Diketahui, sejumlah konsumen bahkan telah melunasi pembayaran unit apartemen secara penuh. Proyek pembangunan apartemen Meikarta justru mangkrak dan tidak ada kejelasan dari pihak pengembang, dalam hal ini PT Mahkota Sentosa Abadi, yang merupakan anak perusahaan Lippo Group milik James Riady.
Baca Juga: Andre Rosiade Geram Pihak Meikarta Mangkir RDPU Komisi VI DPR
"Kalau kita beli cash (tunai) barangnya kita langsung ambil. Ini gimana bisa ketipu, ada hipnotis atau gimana kira-kira?" tutur Nyat Kadir lagi.

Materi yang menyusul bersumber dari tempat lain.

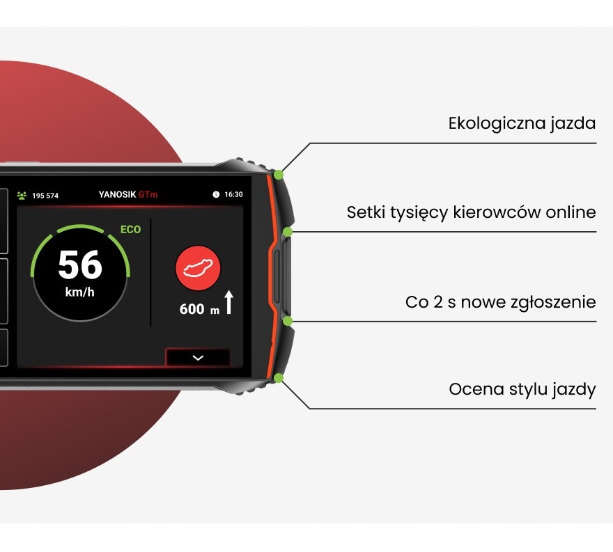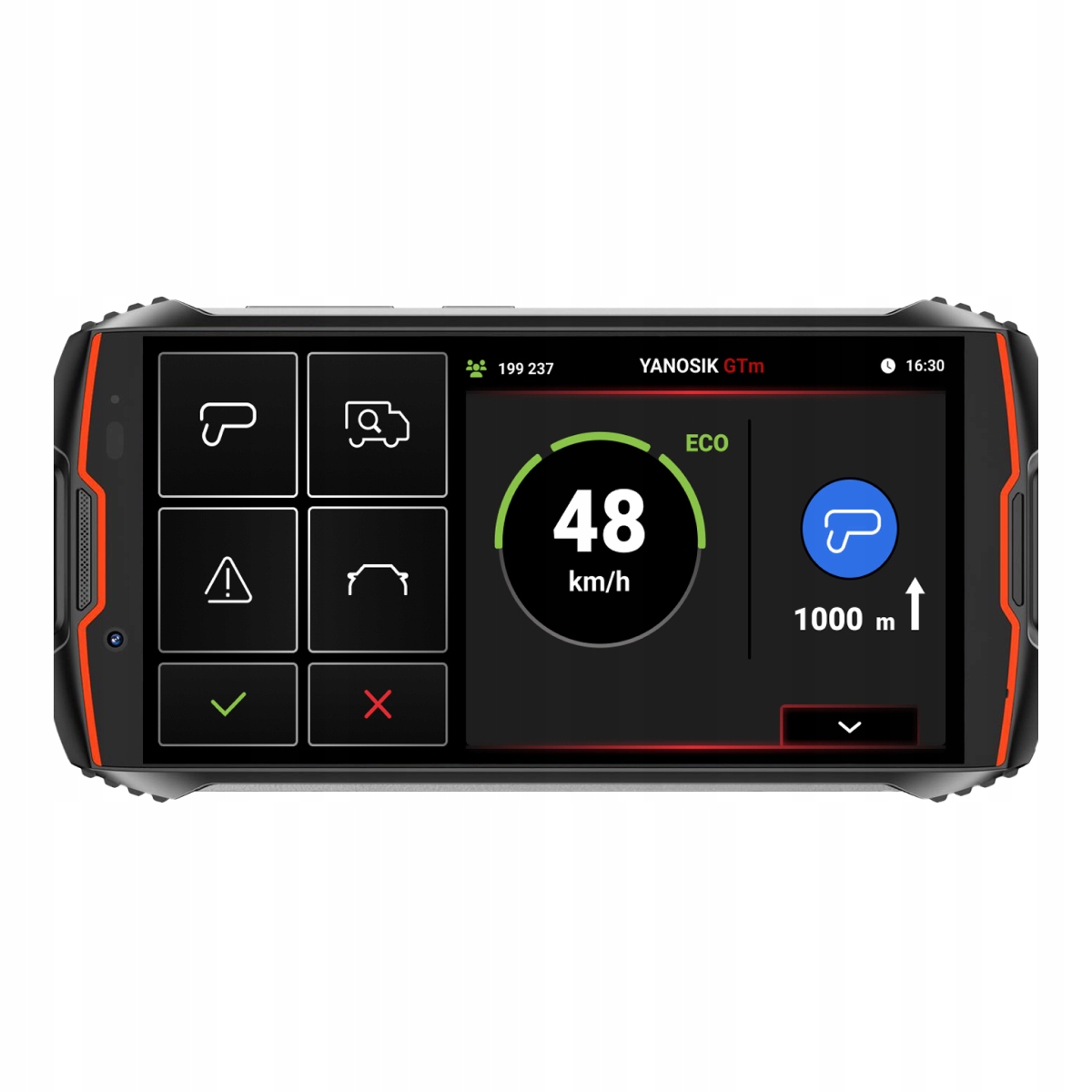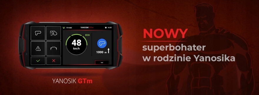 Yanosik GTm — це новий, компактний пристрій із сімейства Yanosik. Оснащений сенсорним екраном, він забезпечує інтуїтивно зрозумілу та плавну роботу. Ви можете встановити їх у свій автомобіль і бути в курсі всіх подій на маршруті. Підключіть їх до програми Y24 і отримайте:

Anggota Komisi VI Daerah Pilih (Dapil) Jawa Barat VII Daeng Muhammad mengungkapkan ihwal transaksi unit Meikarta yang dilakukan dari salah satu konsumen cum korban Meikarta.
Sambil memegang dokumen transaksi tersebut, Daeng menuturkan terdapat bukti pembayaran penuh satu unit apartemen di Meikarta seharga Rp285 juta. Transaksi itu dilakukan korban pada tahun 2017 silam saat iklan Meikarta secara masif tersebar di berbagai media promosi.

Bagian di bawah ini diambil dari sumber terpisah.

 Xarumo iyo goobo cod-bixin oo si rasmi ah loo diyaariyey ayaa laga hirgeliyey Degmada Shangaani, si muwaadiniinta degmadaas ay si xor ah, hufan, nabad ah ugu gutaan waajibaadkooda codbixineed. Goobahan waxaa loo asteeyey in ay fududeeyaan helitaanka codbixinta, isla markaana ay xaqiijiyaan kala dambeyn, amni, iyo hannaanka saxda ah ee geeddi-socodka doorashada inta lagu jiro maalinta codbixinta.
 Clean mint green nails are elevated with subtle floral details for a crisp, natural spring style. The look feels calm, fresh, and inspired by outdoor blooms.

Baca Juga: Mangkir, DPR Ingatkan Manajemen Meikarta Bisa Ditahan
Secara rinci, Daeng menjelaskan korban telah membayar uang muka (DP) sebesar Rp26 juta, biaya profesi Rp2 juta, dan pelunasan unit sebesar Rp257 juta.

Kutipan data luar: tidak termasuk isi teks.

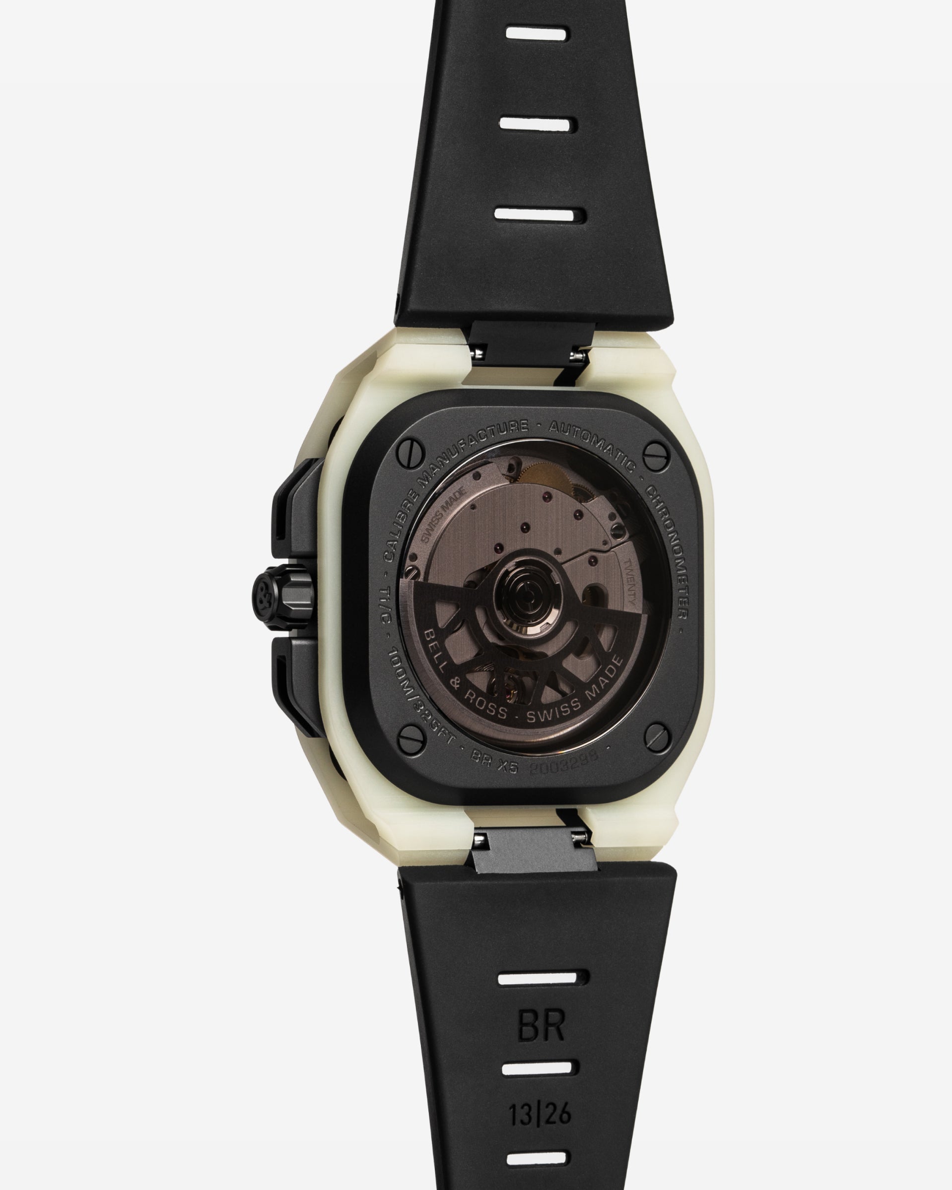 Die BR-X5 integriert ein Manufakturwerk in die permanente Kollektion. Das Kaliber BR-CAL.323 mit einer Gangreserve von 70 Stunden ist durch einen breiten Saphirglasboden sichtbar. Die Uhr ist von der COSC zertifiziert und erfüllt somit die höchsten Anforderungen an die Präzision bei der Zeitmessung. Für Uhrwerk und Gehäuse gilt eine Garantie von 5 Jahren.

"Tapi masalahnya orang sudah membayar dengan cash 2017 sampai hari ini belum jelas unitnya, artinya apa yang dilakukan Meikarta adalah penipuan terhadap konsumen," ucap Daeng dalam kesempatan yang sama.
Lebih lanjut, Daeng pun heran dengan gugatan yang belakangan dilayangkan oleh pihak Meikarta dan Bank Nobu kepada para konsumen Meikarta yang melakukan unjuk rasa. Seperti diketahui, korporasi itu melakukan gugatan perdata terhadap para konsumennya ke Pengadilan Negeri Jakarta Barat dengan nilai mencapai Rp56 miliar karena dianggap mencemarkan nama baik perusahaan.